To understand and overcome the challenges associated with moving life-urgent payloads using unmanned aircraft.
Organ transportation has not been substantially innovated in the last 60 years. Unmanned aircraft systems (UAS; ie, drones) have the potential to reduce system inefficiencies and improve access to transplantation. We sought to determine if UASs could successfully be integrated into the current system of organ delivery.
A multi-disciplinary team was convened to design and build an unmanned aircraft to autonomously carry a human organ. A kidney transplant recipient was enrolled to receive a drone-shipped kidney.
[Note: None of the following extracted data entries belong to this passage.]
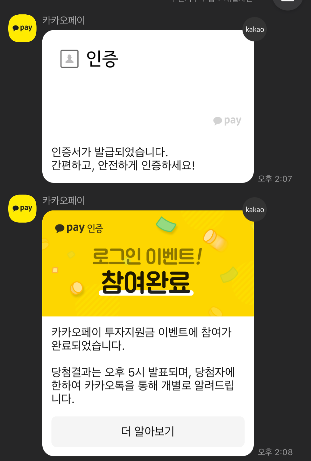 이벤트에 정상적으로 참여했으면 카톡 카카오페이 채널에서 이렇게 팝업창이 뜹니다.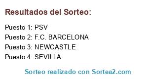 Lista de participantes: SEVILLA, PSV, NEWCASTLE, F.C. BARCELONA.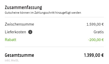 Auf den Preis kommt ihr durch einen Direktabzug.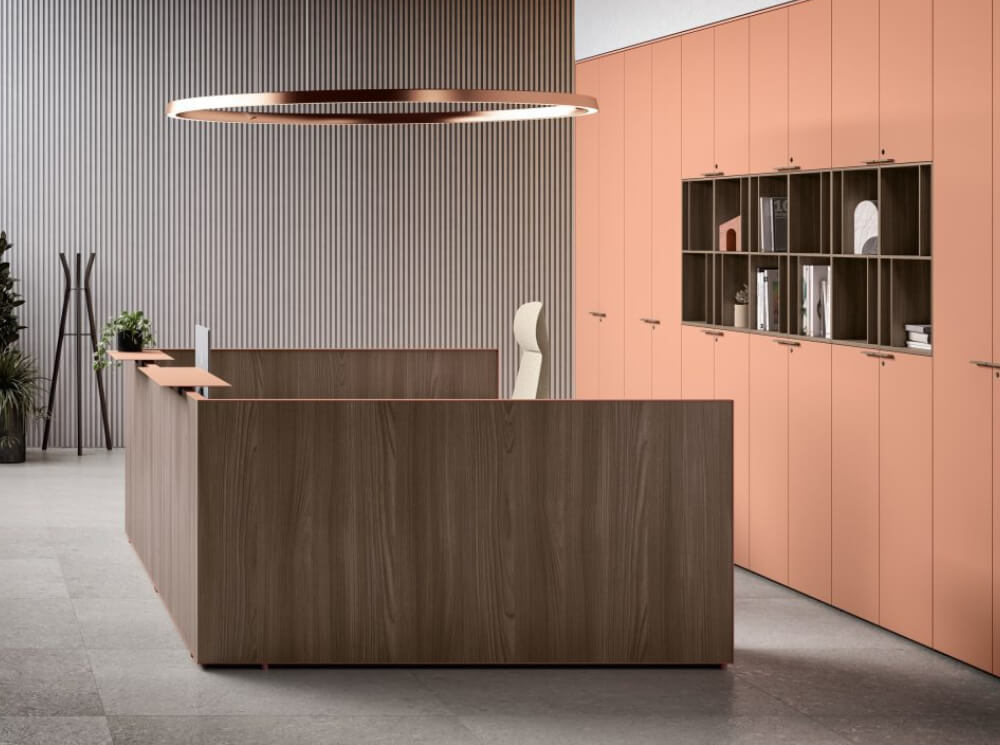 Your reception area is your company’s business card: it showcases your business’s identity and values a look of great exclusivity to entrances and reception areas. Our reception desks are designed to perform different functions: registering visitors, directing them to staff members, and providing information, all with first-rate ergonomics to make tasks easier.You can choose from the of various finish combinations, shape and functionality of your reception desk to best serve the needs of any type of business. Design, materials and aesthetic solutions combine to create a strong identity and impeccable style. Attention to detail is what makes the difference, ensuring every composition is both stylish, exclusive and functional.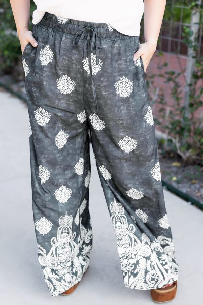 Black Plus Size Geometric Ethnic Print Drawstring Wide Leg Pants
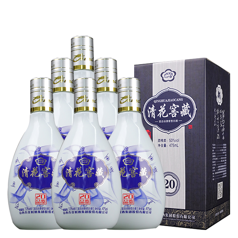 山西杏花村酒集团股份有限公司出品 清花窖藏 20品鉴 53度 清香型白酒 475ml*6瓶 整箱
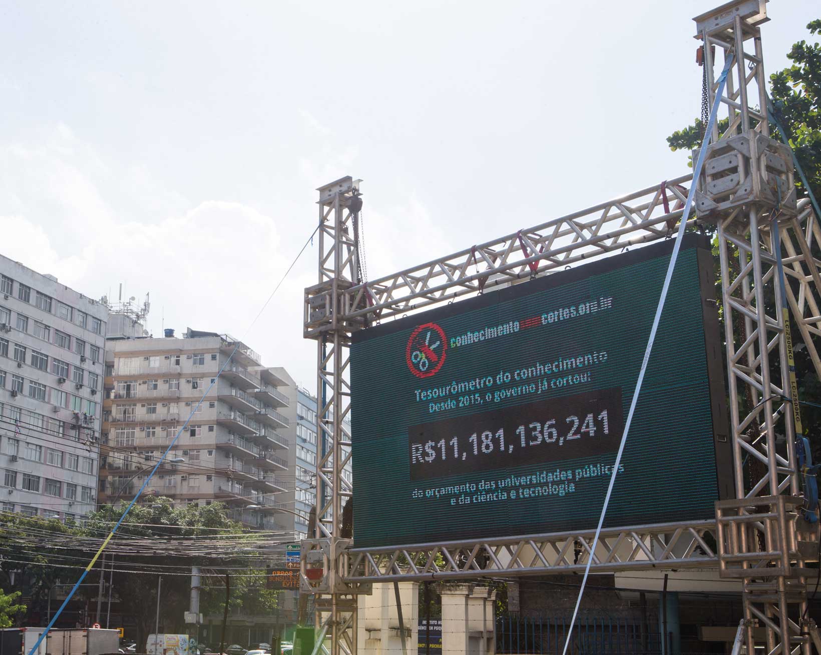 Instrumento da Campanha Conhecimento Sem Cortes, o painel em LED que registra em tempo real as perdas orçamentárias da Educação e da Ciência será inaugurado no campus da UFMG, durante a 69ª Reunião Anual da SBPC A Campanha Conhecimento sem Cortes vai ganhar o reforço de mais um "tesourômetro", em Belo Horizonte (MG), na próxima semana. O novo contador digital da redução de orçamento da Educação e da Ciência será inaugurado no campus da Universidade Federal de Minas Gerais, no dia 18. O painel mostra perdas de R$ 500 mil por hora no setor, desde 2015. A cifra total já ultrapassa os R$ 11,4 bilhões. A UFMG não foi escolhida à toa para a instalação da segunda unidade do "tesourômetro". O Sindicato dos Professores de Universidades Federais de Belo Horizonte, Montes Claros e Ouro Branco (Apubh) é uma das entidades parceiras da Adufrj na criação da campanha. Além disso, aquela universidade vai receber, a partir do dia 16, a 69ª Reunião Anual da Sociedade Brasileira para o Progresso da Ciência — o maior evento científico da América Latina. A SBPC abriu espaço na sua programação para um debate sobre os cortes, com o tema "As universidades e os professores diante da crise brasileira", no dia 18, às 13h, com a presença da presidente da Adufrj, Tatiana Roque. Em seguida, haverá a apresentação do novo “tesourômetro”. A companha #ConhecimentoSemCortes nasceu da necessidade de alertar a sociedade para os problemas financeiros pelos quais passam as instituições de ensino superior e pesquisa por conta da falta de recursos. “Se os cortes atuais não forem suspensos, corremos o risco de que pesquisas de enorme relevância para a sociedade brasileira sejam interrompidas”, afirma Tatiana Roque, presidente da Adufrj. “Algumas Nações mostraram ao longo do tempo que investir continuamente em educação, saúde, ciência e tecnologia é uma opção viável e segura para vencer as dificuldades”, reforça Carlos Barreira Martinez, presidente da Apubh. A exposição do problema em números começou no dia 22 de junho, quando foi lançado o primeiro “tesourômetro” no campus da UFRJ da Praia Vermelha. Além disso, os docentes da UFRJ colocaram no ar um site com os dados detalhados dos cortes – www.conhecimentosemcortes.com.br – e iniciaram uma petição online. O objetivo é reunir 20 mil assinaturas pela retomada dos investimentos nas universidades no patamar registrado em 2014, assegurar a continuidade do pagamento das bolsas de estudo e permanência. Também é exigida a retirada da Educação e da Saúde do teto de gastos fixado por meio da Emenda Constitucional 95, aprovada em 2016. Próxima escala: Brasília Está nos planos da campanha instalar uma terceira unidade do “Tesourômetro” em Brasília, uma vez que o sindicato de professores da UnB também está envolvido na iniciativa. Desta forma, os organizadores pretendem aumentar a pressão sobre os parlamentares federais quanto à necessidade de preservar os recursos que alimentam a pesquisa e o desenvolvimento brasileiros. Isso ocorreria justamente no momento em que o Congresso Nacional inicia o debate sobre a Lei Orçamentária para 2018. Cálculo do tesourômetroO professor e economista Carlos Frederico Leão Rocha, vice-presidente da Adufrj, explica como é calculado o número exposto no “tesourômetro”. São consideradas as verbas do Ministério da Ciência, Tecnologia e Inovação (MCTI), da Coordenação de Aperfeiçoamento de Pessoal de Nível Superior (Capes) e das universidades federais. Na Lei Orçamentária de 2015, estes setores deveriam receber R$ 26,7 bilhões. Em 2016, o valor era de R$ 17,5 bilhões. Em 2017, já contabilizando os contingenciamentos anunciados pelo governo, o orçamento previsto caiu para R$ 13,3 bilhões. As diferenças do ano atual e do ano passado em relação a 2015 foram aplicadas ao intervalo de tempo para fazer girar o contador eletrônico: “Em apenas dois anos, perdemos 50% dos valores de custeio e investimento”, afirma o diretor da Adufrj.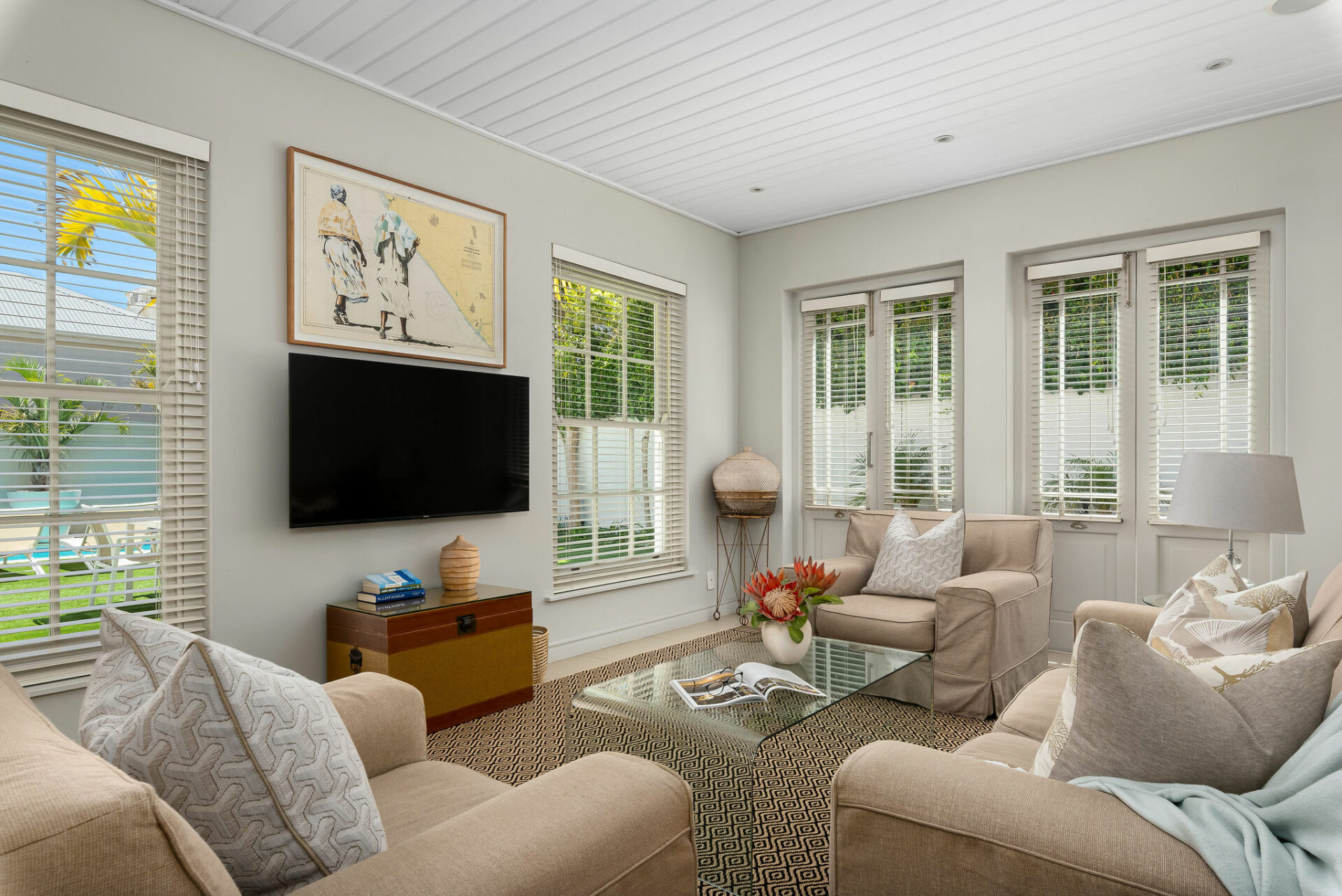 - Lounge with wood burning fireplace flanked by patio, garden, and pool areas.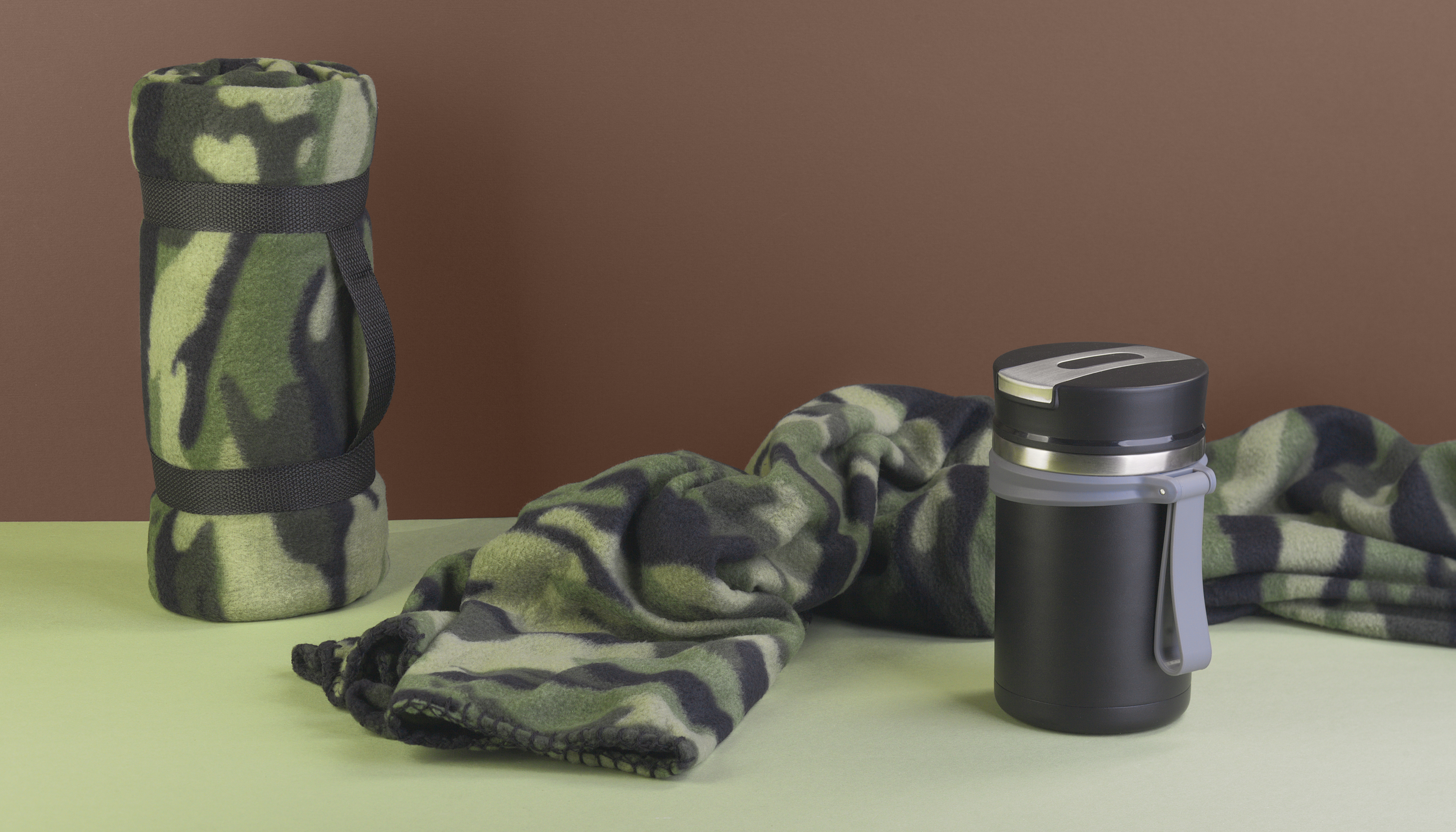 Плед "Камуфляж"- необходимая вещь для любителей активного отдыха или просто для тех, кто предпочитает чувствовать себя комфртно и уютно на природе, даче, пикнике. Плед не займет много места в дорожной сумке или рюкзаке, так как компактно складывается с помощью ручки-фиксатора. Параметры пледа дают возможность нанести на плед и ручку-фиксатор логотип.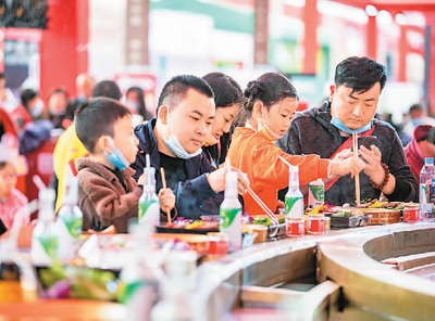 10月17日,食客在重慶國際博覽中心第十二屆火鍋美食文化節(jié)現(xiàn)場品嘗重慶火鍋。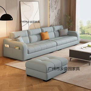 猫抓皮沙发轻奢客厅小户型三四五人位简约现代北欧乳胶浅灰科技布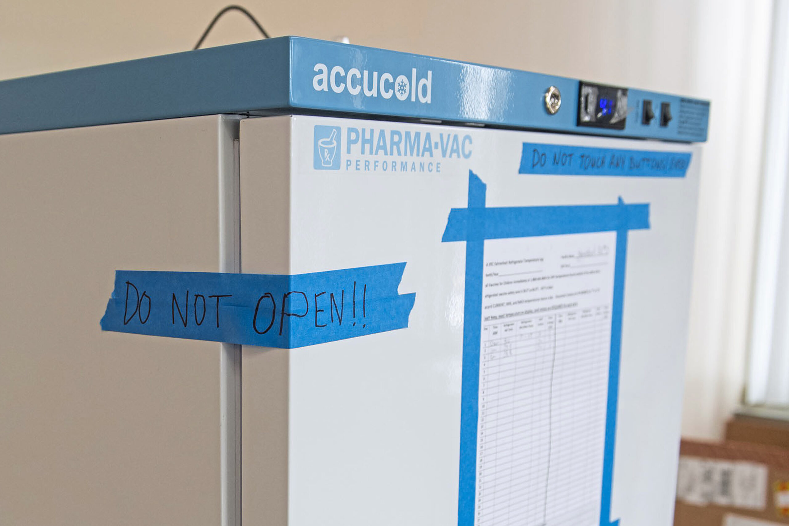 A refrigerator where the Johnson & Johnson vaccine is being stored can be seen on Wednesday, March 10, 2021, at the Allegheny Intermediate Unit in Homestead. The AIU will be offering the vaccine to school personnel who work in school districts within Allegheny County starting March 11 until March 17. (Emily Matthews/Post-Gazette)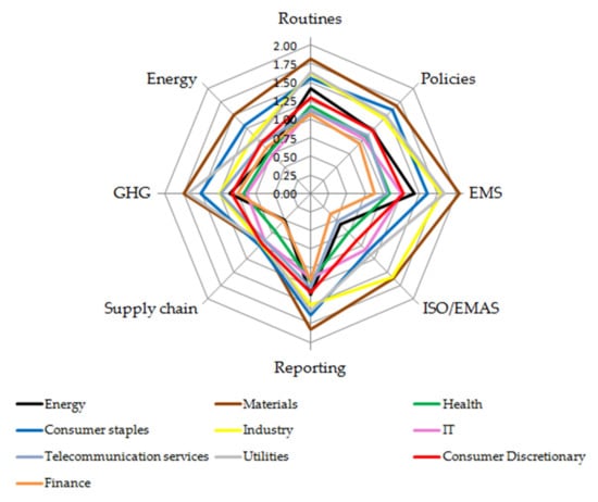 - In the sector analysis, high- and low-scoring groups also exist, but there are no links between them. Instead, there were sectors which stuck out positively and negatively from others. Sectors with the best environmental practices are utilities, industry, consumer staples and materials as a leader of that group. Materials are significantly better than all other sectors except utilities. Consumer discretionary, telecommunication services, IT, energy, health care and finance sectors create a low-scoring group. The financial sector obtained significantly lower results than consumer discretionary;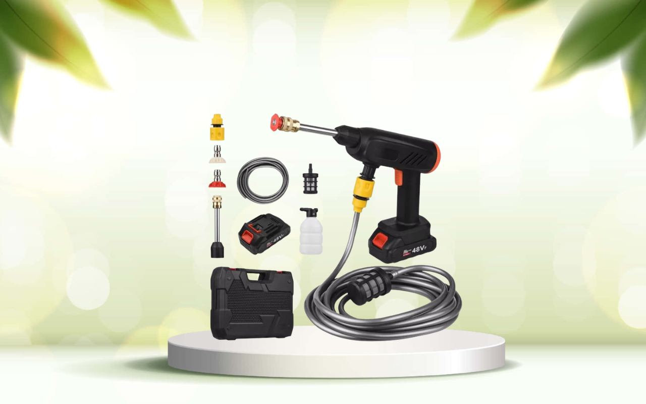 All’interno della confezione troverai tutto il necessario per iniziare subito a pulire: oltre alla pistola idropulitrice, riceverai il tubo da 5 metri, la batteria ricaricabile, il caricabatterie, il serbatoio per il sapone, il filtro anti-impurità, l’ugello 6-in-1 e la canna dell’acqua. Gli accessori sono di semplice utilizzo e garantiscono una pulizia professionale anche per chi si avvicina per la prima volta a questi strumenti.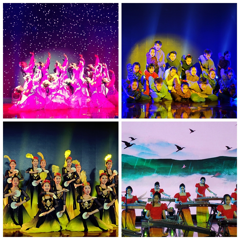 演出在新打击乐《校园节拍》《舞蹈表演综合展示》中拉开帷幕,同学们用欢快的节奏鼓点、灵巧的动作、扎实的基本功展现出青年人的朝气蓬勃、昂扬向上的姿态,快板《梦想腾飞在女院》以传统艺术形式呈现了女院莘莘学子的梦想。情景表演唱《新绣荷包》、男生表演唱《运河号子》、男声独唱《爱永在》、古筝合奏《浏阳河》、古典群舞《醉春风》、维族群舞《晨曦中的玫瑰》通过独具地方色彩、浓郁的民族气息的歌舞展现生动展示祖国大好河山及各民族人民爱党、爱国之情。当代舞《最后的名单》、原创民族民间舞《根语》、当代舞《八女投江》用舞蹈表达了对英雄的缅怀和敬意。十三个节目既主题统一又兼具特色,充分展示了女院学子昂扬向上的精神风貌。

A uniquely designed organ drone was built. The aircraft was flown 44 times (total of 7.38 hours). Three experimental missions were then flown in Baltimore City over 2.8 miles. For mission #1, no payload was carried. In mission #2, a payload of ice, saline, and blood tubes (3.8 kg, 8.4 lbs) was flown. In mission #3, a human kidney for transplant (4.4 kg, 9.7 lbs) was successfully flown by a UAS. The organ was transplanted into a 44-year-old female with a history of hypertensive nephrosclerosis and anuria on dialysis for 8 years. Between postoperative days (POD) 1 and 4, urine increased from 1.0 L to 3.6 L. Creatinine decreased starting on POD 3, to an inpatient nadir of 6.9 mg/dL. The patient was discharged on POD 4.
Here, we completed the first successful delivery of a human organ using unmanned aircraft. This study brought together multidisciplinary resources to develop, build, and test the first organ drone system, through which we performed the first transplant of a drone transported kidney. These innovations could inform not just transplantation, but other areas of medicine requiring life-saving payload delivery as well.